→ **Source material**

BEGIN

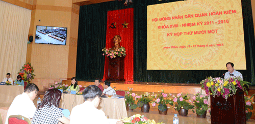 Đồng chí Dương Đức Tuấn – Phó bí thư Quận ủy, Chủ tịch UBND quận trình bày tờ trình của UBND quậnvề việc đề nghị bổ sung chức danh Ủy viên UBND quận nhiệm kỳ 2011 – 2016.
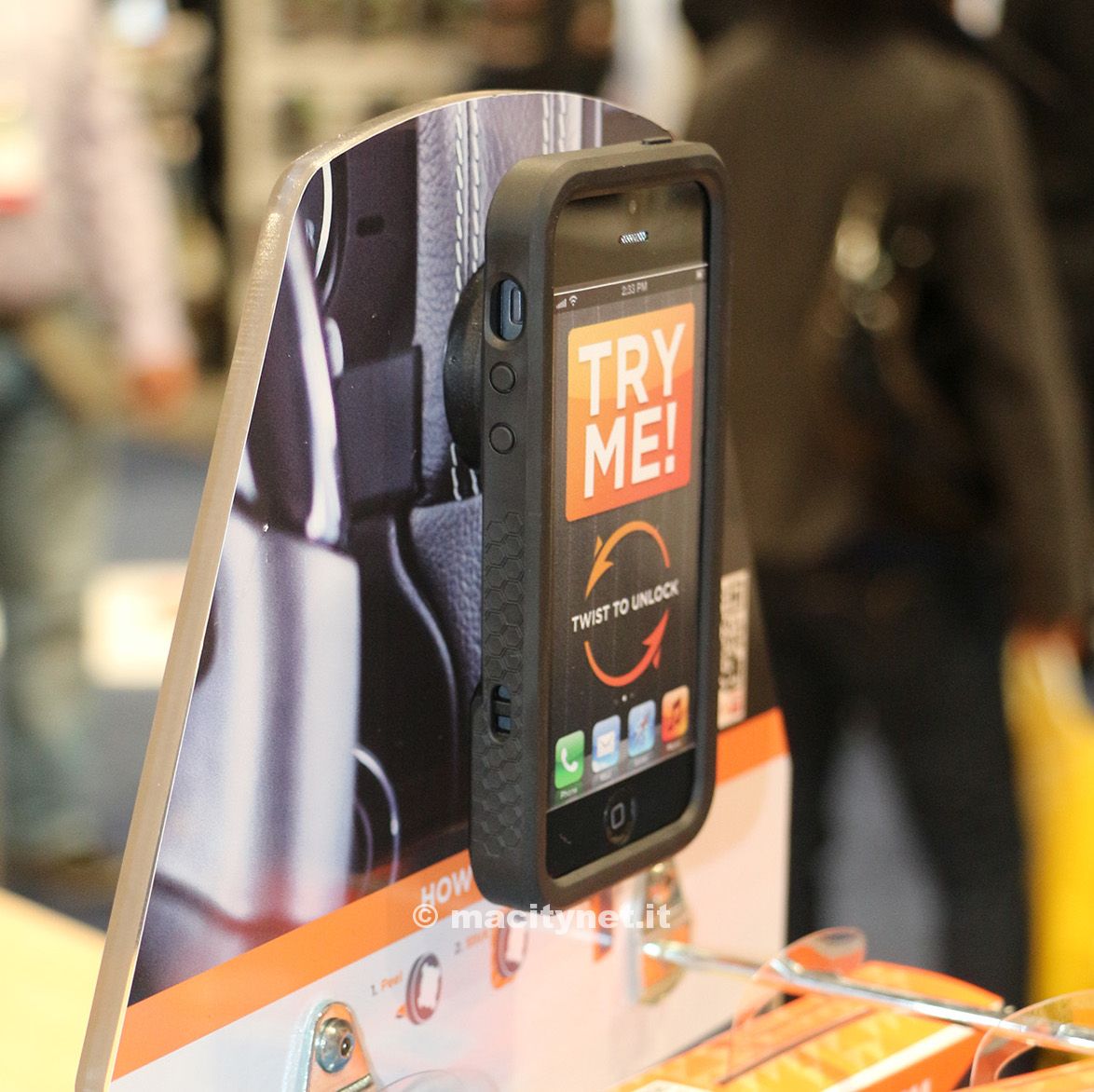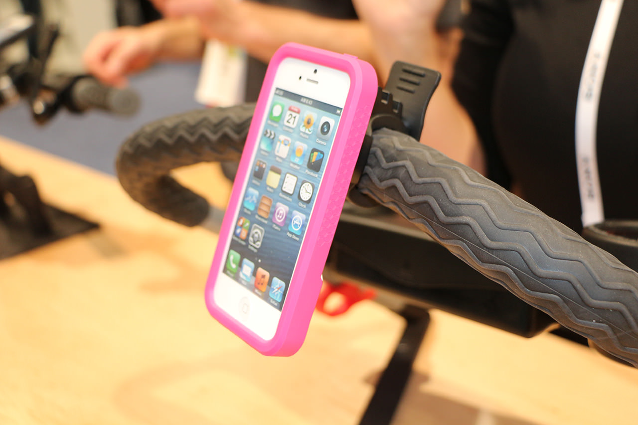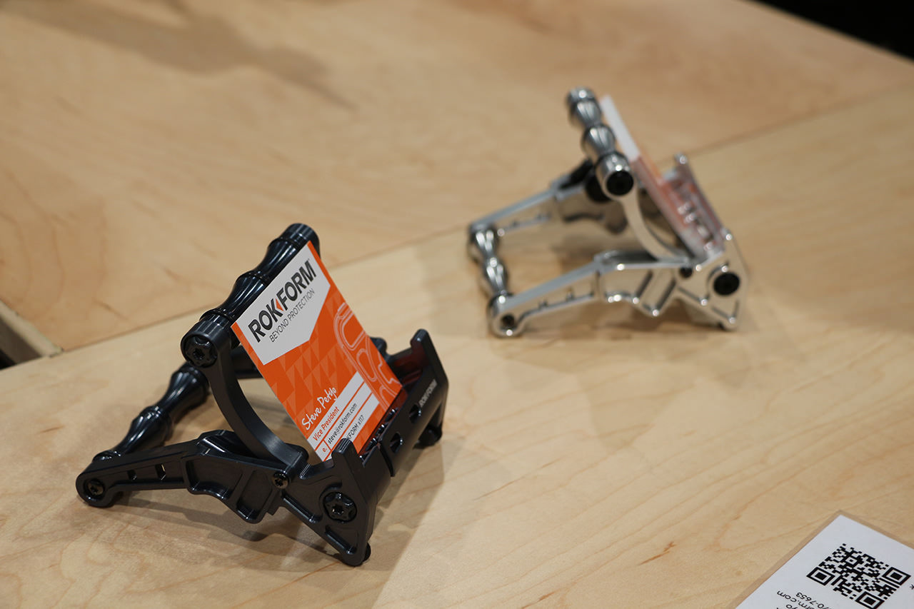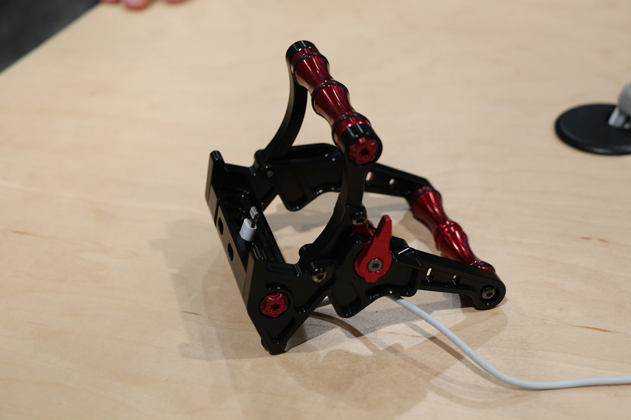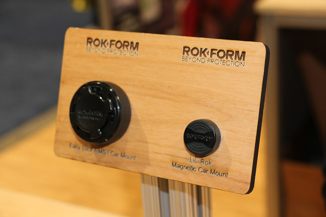 Un altro interessante produttore di supporti è RokForm. Nello stand sono visibili custodie con connettore a scatto e sistema di montaggio multiplo su un aggancio magnetico. RockForm produce anche supporti per biciclette e per moto basati sullo stesso meccanismo di aggancio.
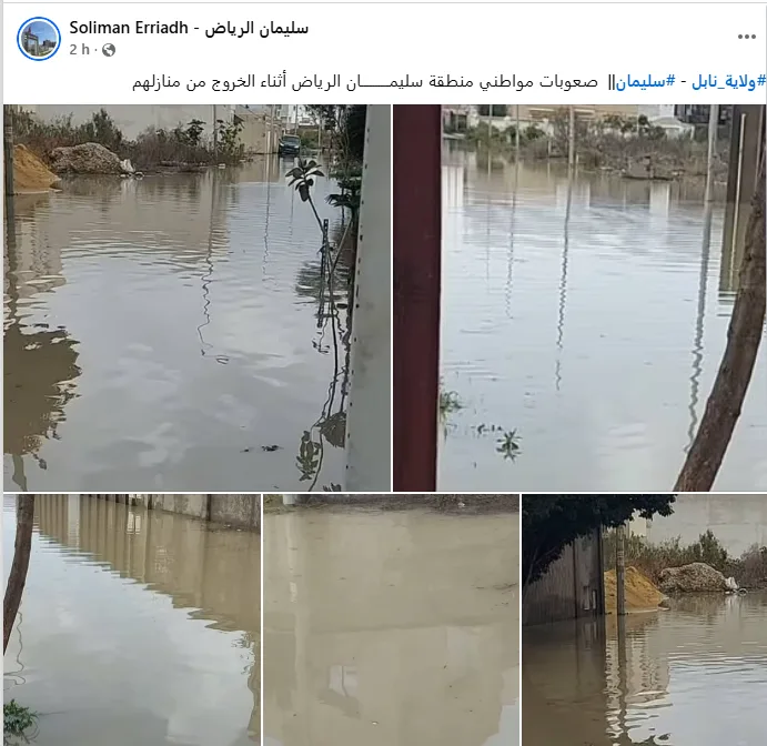 Dans la délégation de Soliman, plusieurs vidéos montrent les difficultés rencontrées par les habitants du quartier Soliman Erriadh, contraints de lutter contre des rues complètement inondées pour pouvoir quitter leurs domiciles. Des flaques profondes et des axes impraticables ont paralysé les déplacements, suscitant l’inquiétude des riverains.
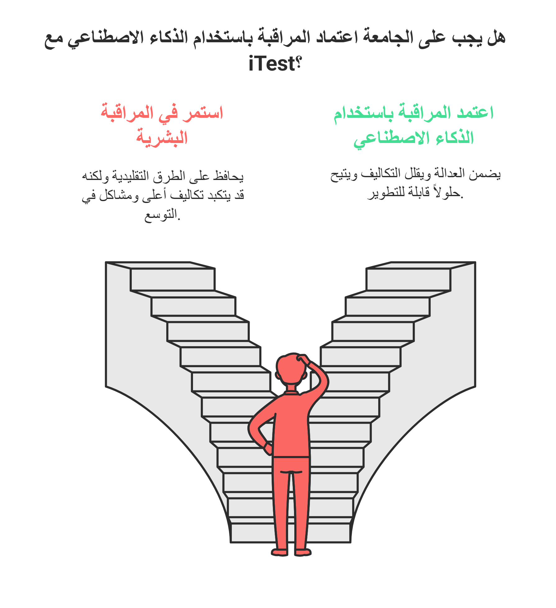 بينما لا تزال المراقبة البشرية لها دورها، فإن المراقبة بالذكاء الاصطناعي هي المستقبل. مع iTest، يمكن للجامعات ضمان العدالة، وتوفير التكاليف، والتوسع بسهولة.
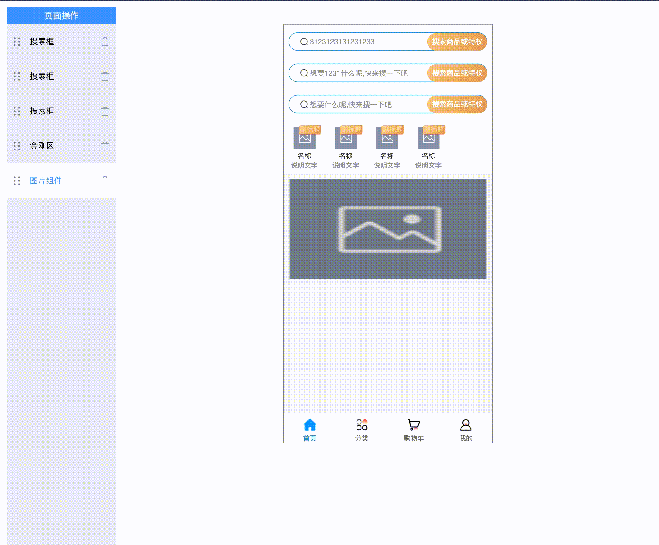 那么这里对应的就是图片组件 图片组件(优惠券也是图片样式) 商品组件 商品组件
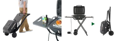 「(野電)エレキャン・エレグリルPRO」はキャスター付き。野外でもラクに持ち運べる。プレートの両サイドにはテーブルが付いているため、調味料や食材を置ける。
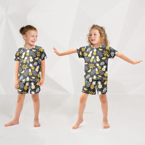 ALAZA Tropical Pineapple Black Fruit Pajamas Short Sleeve 2 Piece Sleepwear Top and Bottom Pajama Set Unisex 2
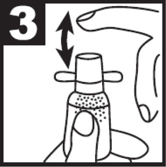 zastąpić nakrętkę kroplomierzem dołączonym do opakowania, wstrząsnąć kilkukrotnie do uzyskania jednolitej zawiesiny.
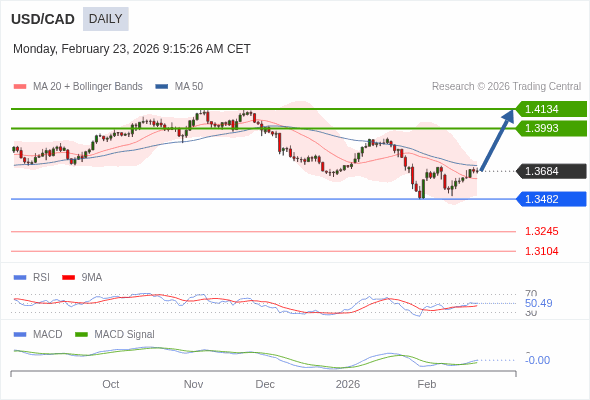 技术点评: RSI技术指标大于中性区域50。 MACD技术指标处在其信号线之上看空。 MACD必须突破其零位,才能触发进一步的上涨。 另外,价位低于其50天移动平均线 (1.3724 ) 但高于其20天移动平均线 (1.3629 )。
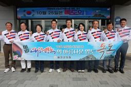 영남연합포커스 김진우 기자 | 예천군의회는 24일, 독도의 날을 맞아 군의회 전정에서 의원과 의회사무과 직원이 참가한 가운데 독도사랑 캠페인을 가졌다. 이날 의원들과 직원들은 ‘독도 티셔츠’를 입고 출근해 결연한 구호를 외치며, 우리나라 고유 영토인 독도에 대한 관심을 높이고 수호 의지를 다졌다. 강영구 의장은 “독도는 역사적, 지리적, 국제법적으로 명백한 우리 고유의 영토”라며, “군민 모두가 독도에 대한 관심과 자긍심을 가지고, 후손들에게 올바른 역사 인식을 물려줄 수 있도록 지속적인 관심을 가져달라”고 말했다. 한편, 독도의 날은 고종황제가 1900년 10월 25일 독도의 주권이 대한제국에 있음을 칙령으로 선포한 날을 기념하고, 독도가 대한민국의 고유 영토임을 공포하기 위해 제정됐다.
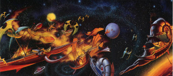 Cet écran à trois volets pour SpellJammer rassemble toutes les tables nécessaires à la gestion des parties, y compris les informations spécifiques à cet univers comme les caractéristiques des vaisseaux spatiaux. Côté joueur, il représente une scène de bataille spatiale.
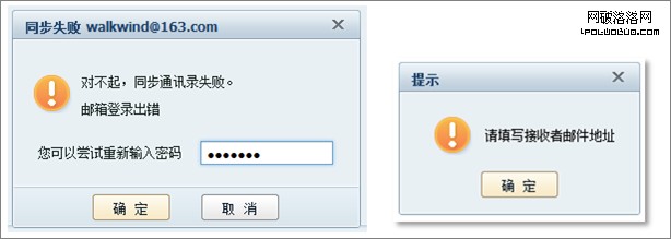 對已經造成的錯誤應該使用錯誤圖標。不嚴重的提示信息,應不使用警告圖標。圖10左右兩圖分別皆為警告圖標錯誤使用。圖11為錯誤圖標使用錯誤。

END

Starting with the first line of the data above, write out each line exactly up to and including the line that holds "技术点评: RSI技术指标大于中性区域50。 MACD技术指标处在其信号线之上看空。". Pictures stay out.

→ **Written response**
 Đồng chí Dương Đức Tuấn – Phó bí thư Quận ủy, Chủ tịch UBND quận trình bày tờ trình của UBND quậnvề việc đề nghị bổ sung chức danh Ủy viên UBND quận nhiệm kỳ 2011 – 2016.
 Un altro interessante produttore di supporti è RokForm. Nello stand sono visibili custodie con connettore a scatto e sistema di montaggio multiplo su un aggancio magnetico. RockForm produce anche supporti per biciclette e per moto basati sullo stesso meccanismo di aggancio.
 Dans la délégation de Soliman, plusieurs vidéos montrent les difficultés rencontrées par les habitants du quartier Soliman Erriadh, contraints de lutter contre des rues complètement inondées pour pouvoir quitter leurs domiciles. Des flaques profondes et des axes impraticables ont paralysé les déplacements, suscitant l’inquiétude des riverains.
 بينما لا تزال المراقبة البشرية لها دورها، فإن المراقبة بالذكاء الاصطناعي هي المستقبل. مع iTest، يمكن للجامعات ضمان العدالة، وتوفير التكاليف، والتوسع بسهولة.
 那么这里对应的就是图片组件 图片组件(优惠券也是图片样式) 商品组件 商品组件
 「(野電)エレキャン・エレグリルPRO」はキャスター付き。野外でもラクに持ち運べる。プレートの両サイドにはテーブルが付いているため、調味料や食材を置ける。
 ALAZA Tropical Pineapple Black Fruit Pajamas Short Sleeve 2 Piece Sleepwear Top and Bottom Pajama Set Unisex 2
 zastąpić nakrętkę kroplomierzem dołączonym do opakowania, wstrząsnąć kilkukrotnie do uzyskania jednolitej zawiesiny.
 技术点评: RSI技术指标大于中性区域50。 MACD技术指标处在其信号线之上看空。 MACD必须突破其零位,才能触发进一步的上涨。 另外,价位低于其50天移动平均线 (1.3724 ) 但高于其20天移动平均线 (1.3629 )。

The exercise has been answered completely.